Here are the key takeaways from my presentation. It is a culture and a mindset you have to tackle. The culture and mindset of continuous improvement is a very decisive factor. You have to have this in mind and also in the minds of your management. If your management is not buying into this as a journey, but they are looking forward to it as a check mark behind a topic, then you will struggle in between. Rather discuss it up front and then have a smooth ride in between.

It is also about establishing as much automated fast feedback cycles as possible. You have seen in some intermediate steps it might not be fully automated in the beginning, but you will work towards it. Even if you are not doing continuous delivery to your customers, as you might also be in a regulated environment, all of the benefits coming from the internal benefits are so great that you can stick to it for the greater good of the organization.

You have learned we are in a complex environment where probe, sense, respond is the only approach to it. Run experiments and measure. But put the right KPIs into place. Do not put your KPIs to the level where you are managing with your KPIs your North Star, or you will lose the ability to celebrate and have success stories on the way. It is okay to measure your North Star, but it is more important to have intermediate KPIs which show you that you are working for the greater good in the right direction.

Strive to meet the overall goals of the various involved roles. If the people do not feel what is in for them, they will be lost on this long journey.

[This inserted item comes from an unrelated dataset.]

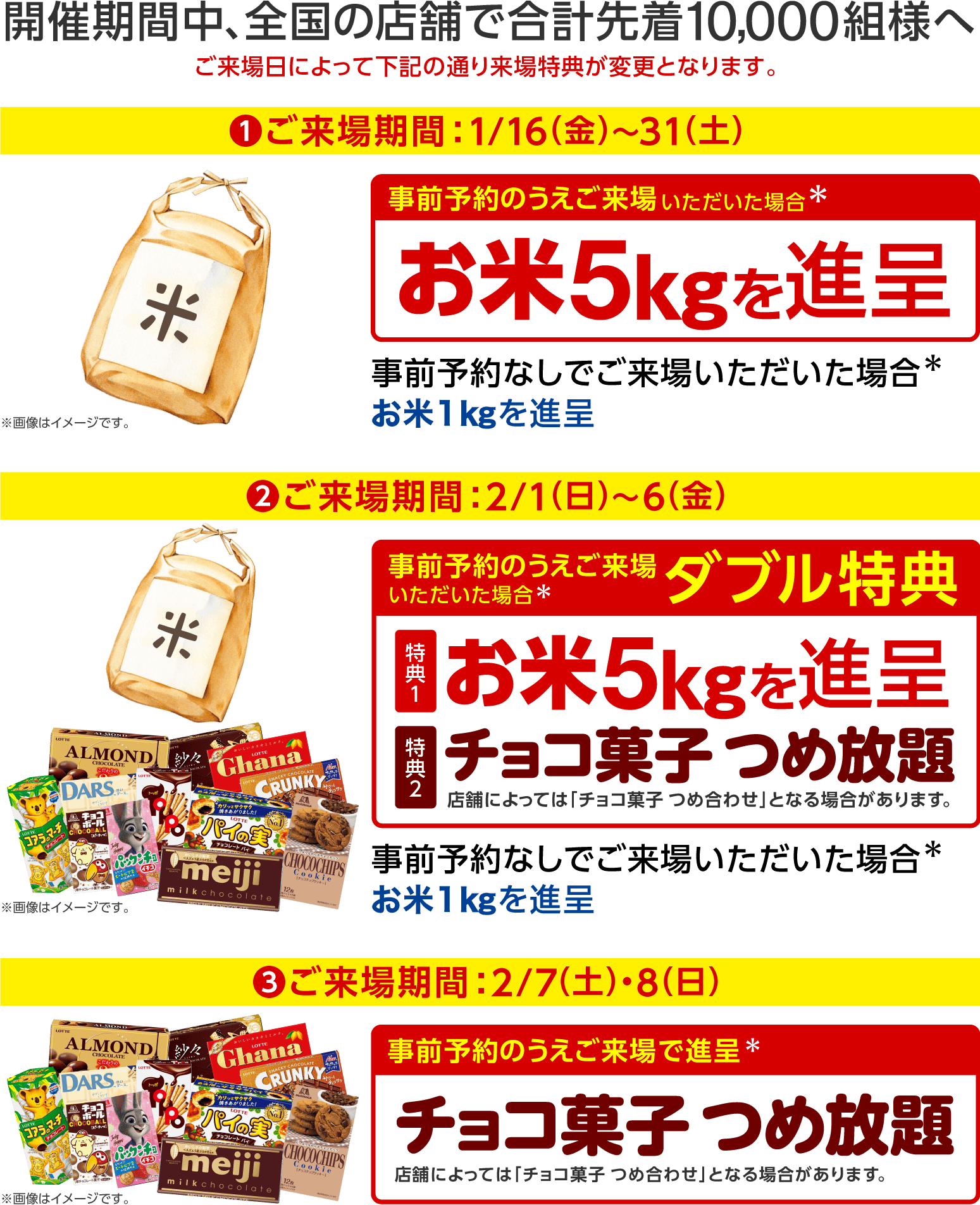 ●フェア期間中に複数店舗へご来場いただいた場合でも、ご来場プレゼントは1回限り(事前予約の場合は予約登録されたご本人様へ)の進呈とさせていただきます。 ●他イベントおよびキャンペーンの来場特典との併用は不可となります。 ●プレゼントの進呈数は限りがあり、なくなり次第終了となります(フェア開催期間中・全店舗合計先着10,000組様限定)。 ●諸事情によりプレゼント内容および開催期間等が変更となる場合があります。 ●[事前予約のお客様]店舗の予約状況によっては、ご予約時間帯等を調整いただく場合があります。 ●事前予約なしでもご来場いただけます。 ●チョコ菓子を入れる袋は弊社指定のものとなります。 ●ご本人確認のため、顔写真付き身分証明書のご提示をお願いする場合があります。●ご来場者の「ご予約時の情報(ご入力情報等)」と「ご来場時のご提示情報」に相違がある場合、またはご登録情報等に事実と異なる内容が含まれる場合は、特典の進呈をいたしかねます。予めご了承ください。

Since it is a journey, the people need to be kept entertained, and the only way to entertain them is to create wins for them. The only way to create wins for them is by driving their specifics, making them stakeholders, making them protagonists of your DevOps journey.

Accept that your approaches will not show the results you have expected at the beginning. You will uncover those topics in between like the skunks at your front porch. But by doing so and treating them correctly, celebrating them the proper way, your organization will grow on the journey towards DevOps.

Thank you very much for listening to my talk. I am happy to chit-chat with you on Slack and also hear your questions and try to answer them. But we all are seekers for the DevOps truth. So let's see if I can learn also a lot from you. Thank you very much.